== Exercise ==
Line filter on the word "White": copy each matching line from the entries.

□ □ □ □

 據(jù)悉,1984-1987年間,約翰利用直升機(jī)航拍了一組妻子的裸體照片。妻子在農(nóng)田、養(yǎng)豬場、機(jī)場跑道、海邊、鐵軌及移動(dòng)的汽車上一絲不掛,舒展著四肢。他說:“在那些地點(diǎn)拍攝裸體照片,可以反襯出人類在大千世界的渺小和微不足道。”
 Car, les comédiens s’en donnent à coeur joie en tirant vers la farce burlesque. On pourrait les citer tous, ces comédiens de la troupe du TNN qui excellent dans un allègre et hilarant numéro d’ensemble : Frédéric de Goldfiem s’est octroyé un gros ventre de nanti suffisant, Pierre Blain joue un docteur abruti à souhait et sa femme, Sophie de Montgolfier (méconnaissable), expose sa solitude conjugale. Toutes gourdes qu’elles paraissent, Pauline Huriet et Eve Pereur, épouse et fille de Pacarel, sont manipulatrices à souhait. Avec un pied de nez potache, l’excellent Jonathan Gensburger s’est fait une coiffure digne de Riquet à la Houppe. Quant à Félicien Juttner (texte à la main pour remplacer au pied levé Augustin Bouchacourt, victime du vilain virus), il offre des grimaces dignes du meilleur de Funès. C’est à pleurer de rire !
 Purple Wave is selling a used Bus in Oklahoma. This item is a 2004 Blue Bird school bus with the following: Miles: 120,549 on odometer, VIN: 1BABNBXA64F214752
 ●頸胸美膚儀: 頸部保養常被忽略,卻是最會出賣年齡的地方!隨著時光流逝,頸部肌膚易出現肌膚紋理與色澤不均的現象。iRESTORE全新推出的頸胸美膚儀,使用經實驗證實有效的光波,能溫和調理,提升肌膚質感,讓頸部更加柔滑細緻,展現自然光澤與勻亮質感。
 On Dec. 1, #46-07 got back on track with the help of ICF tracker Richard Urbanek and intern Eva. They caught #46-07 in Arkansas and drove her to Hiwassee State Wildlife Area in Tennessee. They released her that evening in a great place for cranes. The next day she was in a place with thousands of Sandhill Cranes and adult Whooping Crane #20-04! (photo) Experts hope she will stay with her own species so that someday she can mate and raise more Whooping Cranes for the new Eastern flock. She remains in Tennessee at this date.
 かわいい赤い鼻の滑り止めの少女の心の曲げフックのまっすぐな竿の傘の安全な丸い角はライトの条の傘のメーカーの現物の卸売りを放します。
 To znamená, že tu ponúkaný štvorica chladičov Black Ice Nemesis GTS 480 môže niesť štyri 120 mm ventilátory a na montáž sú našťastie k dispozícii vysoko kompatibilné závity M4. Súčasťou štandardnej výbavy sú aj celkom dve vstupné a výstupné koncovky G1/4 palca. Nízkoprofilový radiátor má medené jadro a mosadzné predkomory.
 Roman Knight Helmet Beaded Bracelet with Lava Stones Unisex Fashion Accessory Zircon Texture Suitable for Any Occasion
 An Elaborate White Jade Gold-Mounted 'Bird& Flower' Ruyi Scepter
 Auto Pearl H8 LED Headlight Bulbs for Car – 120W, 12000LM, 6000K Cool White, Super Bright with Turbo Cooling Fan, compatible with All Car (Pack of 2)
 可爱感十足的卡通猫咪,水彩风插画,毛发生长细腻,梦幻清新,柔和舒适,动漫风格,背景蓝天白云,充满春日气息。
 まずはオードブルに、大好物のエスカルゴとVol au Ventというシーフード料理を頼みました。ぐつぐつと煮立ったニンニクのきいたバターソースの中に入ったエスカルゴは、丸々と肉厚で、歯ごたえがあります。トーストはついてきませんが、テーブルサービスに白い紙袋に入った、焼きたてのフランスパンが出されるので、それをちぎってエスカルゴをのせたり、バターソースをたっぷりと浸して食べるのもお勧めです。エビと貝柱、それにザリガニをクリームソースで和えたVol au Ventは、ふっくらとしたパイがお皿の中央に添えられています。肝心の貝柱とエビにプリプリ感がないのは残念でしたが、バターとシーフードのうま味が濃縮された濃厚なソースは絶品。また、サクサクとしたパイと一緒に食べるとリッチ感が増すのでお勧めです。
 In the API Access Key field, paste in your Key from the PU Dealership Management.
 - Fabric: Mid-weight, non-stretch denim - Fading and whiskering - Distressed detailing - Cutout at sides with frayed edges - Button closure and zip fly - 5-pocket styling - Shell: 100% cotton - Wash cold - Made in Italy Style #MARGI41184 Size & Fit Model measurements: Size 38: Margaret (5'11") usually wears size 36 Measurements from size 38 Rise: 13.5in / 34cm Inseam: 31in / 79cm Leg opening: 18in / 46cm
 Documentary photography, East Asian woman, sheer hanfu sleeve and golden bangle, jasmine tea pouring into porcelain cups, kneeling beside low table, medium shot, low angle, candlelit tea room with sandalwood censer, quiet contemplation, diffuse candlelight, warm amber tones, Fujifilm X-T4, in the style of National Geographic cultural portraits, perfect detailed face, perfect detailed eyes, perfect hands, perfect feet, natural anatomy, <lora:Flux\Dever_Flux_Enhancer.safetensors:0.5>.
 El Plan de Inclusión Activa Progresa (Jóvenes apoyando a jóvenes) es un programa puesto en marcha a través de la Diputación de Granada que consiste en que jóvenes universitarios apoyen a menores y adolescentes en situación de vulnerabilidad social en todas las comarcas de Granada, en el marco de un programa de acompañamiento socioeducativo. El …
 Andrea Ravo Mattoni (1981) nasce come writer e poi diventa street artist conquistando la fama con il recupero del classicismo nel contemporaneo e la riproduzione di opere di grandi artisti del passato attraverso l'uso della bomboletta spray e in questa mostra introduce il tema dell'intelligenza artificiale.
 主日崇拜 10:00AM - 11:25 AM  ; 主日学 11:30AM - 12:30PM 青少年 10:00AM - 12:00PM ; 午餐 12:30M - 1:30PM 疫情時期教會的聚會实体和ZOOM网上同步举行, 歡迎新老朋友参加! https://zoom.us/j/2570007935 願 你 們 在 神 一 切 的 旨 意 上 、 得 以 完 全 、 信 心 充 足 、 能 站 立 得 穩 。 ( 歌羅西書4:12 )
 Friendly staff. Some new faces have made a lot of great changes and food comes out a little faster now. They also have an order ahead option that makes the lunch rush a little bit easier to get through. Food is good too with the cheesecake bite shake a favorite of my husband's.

□ □ □ □

== Written reply ==
 An Elaborate White Jade Gold-Mounted 'Bird& Flower' Ruyi Scepter
 Auto Pearl H8 LED Headlight Bulbs for Car – 120W, 12000LM, 6000K Cool White, Super Bright with Turbo Cooling Fan, compatible with All Car (Pack of 2)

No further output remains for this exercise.